WORK TO BE COMPLETED:
What follows is a listing to be repeated in full and without alteration.

-------

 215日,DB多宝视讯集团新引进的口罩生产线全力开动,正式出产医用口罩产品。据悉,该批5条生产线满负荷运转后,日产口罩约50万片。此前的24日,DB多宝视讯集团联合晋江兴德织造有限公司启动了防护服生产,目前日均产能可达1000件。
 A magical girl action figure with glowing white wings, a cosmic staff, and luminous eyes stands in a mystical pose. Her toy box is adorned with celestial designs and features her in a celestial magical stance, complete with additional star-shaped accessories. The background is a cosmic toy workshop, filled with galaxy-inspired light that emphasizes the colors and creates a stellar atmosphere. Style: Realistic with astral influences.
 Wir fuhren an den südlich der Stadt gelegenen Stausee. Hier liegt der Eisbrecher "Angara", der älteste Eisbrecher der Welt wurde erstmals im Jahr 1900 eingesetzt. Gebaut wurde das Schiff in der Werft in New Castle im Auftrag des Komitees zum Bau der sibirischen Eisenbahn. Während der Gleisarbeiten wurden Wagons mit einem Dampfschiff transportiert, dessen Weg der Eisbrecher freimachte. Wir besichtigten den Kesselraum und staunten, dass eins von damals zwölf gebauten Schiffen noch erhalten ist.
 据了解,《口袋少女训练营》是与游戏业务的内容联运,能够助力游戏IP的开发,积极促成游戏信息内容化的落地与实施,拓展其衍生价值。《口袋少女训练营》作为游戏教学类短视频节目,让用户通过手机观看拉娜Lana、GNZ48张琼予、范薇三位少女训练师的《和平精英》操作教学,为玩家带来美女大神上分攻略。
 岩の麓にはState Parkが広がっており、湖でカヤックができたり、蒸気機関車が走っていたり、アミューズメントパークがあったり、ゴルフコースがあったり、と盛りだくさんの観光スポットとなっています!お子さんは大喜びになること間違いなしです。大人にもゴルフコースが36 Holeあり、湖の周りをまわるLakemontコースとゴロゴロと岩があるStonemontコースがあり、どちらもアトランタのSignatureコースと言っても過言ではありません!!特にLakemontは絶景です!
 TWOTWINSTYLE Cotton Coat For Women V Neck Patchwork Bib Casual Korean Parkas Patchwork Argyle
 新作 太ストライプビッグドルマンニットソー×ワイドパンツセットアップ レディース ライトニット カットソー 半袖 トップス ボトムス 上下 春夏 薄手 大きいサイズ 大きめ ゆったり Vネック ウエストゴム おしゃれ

-------

RESULT:
 215日,DB多宝视讯集团新引进的口罩生产线全力开动,正式出产医用口罩产品。据悉,该批5条生产线满负荷运转后,日产口罩约50万片。此前的24日,DB多宝视讯集团联合晋江兴德织造有限公司启动了防护服生产,目前日均产能可达1000件。
 A magical girl action figure with glowing white wings, a cosmic staff, and luminous eyes stands in a mystical pose. Her toy box is adorned with celestial designs and features her in a celestial magical stance, complete with additional star-shaped accessories. The background is a cosmic toy workshop, filled with galaxy-inspired light that emphasizes the colors and creates a stellar atmosphere. Style: Realistic with astral influences.
 Wir fuhren an den südlich der Stadt gelegenen Stausee. Hier liegt der Eisbrecher "Angara", der älteste Eisbrecher der Welt wurde erstmals im Jahr 1900 eingesetzt. Gebaut wurde das Schiff in der Werft in New Castle im Auftrag des Komitees zum Bau der sibirischen Eisenbahn. Während der Gleisarbeiten wurden Wagons mit einem Dampfschiff transportiert, dessen Weg der Eisbrecher freimachte. Wir besichtigten den Kesselraum und staunten, dass eins von damals zwölf gebauten Schiffen noch erhalten ist.
 据了解,《口袋少女训练营》是与游戏业务的内容联运,能够助力游戏IP的开发,积极促成游戏信息内容化的落地与实施,拓展其衍生价值。《口袋少女训练营》作为游戏教学类短视频节目,让用户通过手机观看拉娜Lana、GNZ48张琼予、范薇三位少女训练师的《和平精英》操作教学,为玩家带来美女大神上分攻略。
 岩の麓にはState Parkが広がっており、湖でカヤックができたり、蒸気機関車が走っていたり、アミューズメントパークがあったり、ゴルフコースがあったり、と盛りだくさんの観光スポットとなっています!お子さんは大喜びになること間違いなしです。大人にもゴルフコースが36 Holeあり、湖の周りをまわるLakemontコースとゴロゴロと岩があるStonemontコースがあり、どちらもアトランタのSignatureコースと言っても過言ではありません!!特にLakemontは絶景です!
 TWOTWINSTYLE Cotton Coat For Women V Neck Patchwork Bib Casual Korean Parkas Patchwork Argyle
 新作 太ストライプビッグドルマンニットソー×ワイドパンツセットアップ レディース ライトニット カットソー 半袖 トップス ボトムス 上下 春夏 薄手 大きいサイズ 大きめ ゆったり Vネック ウエストゴム おしゃれ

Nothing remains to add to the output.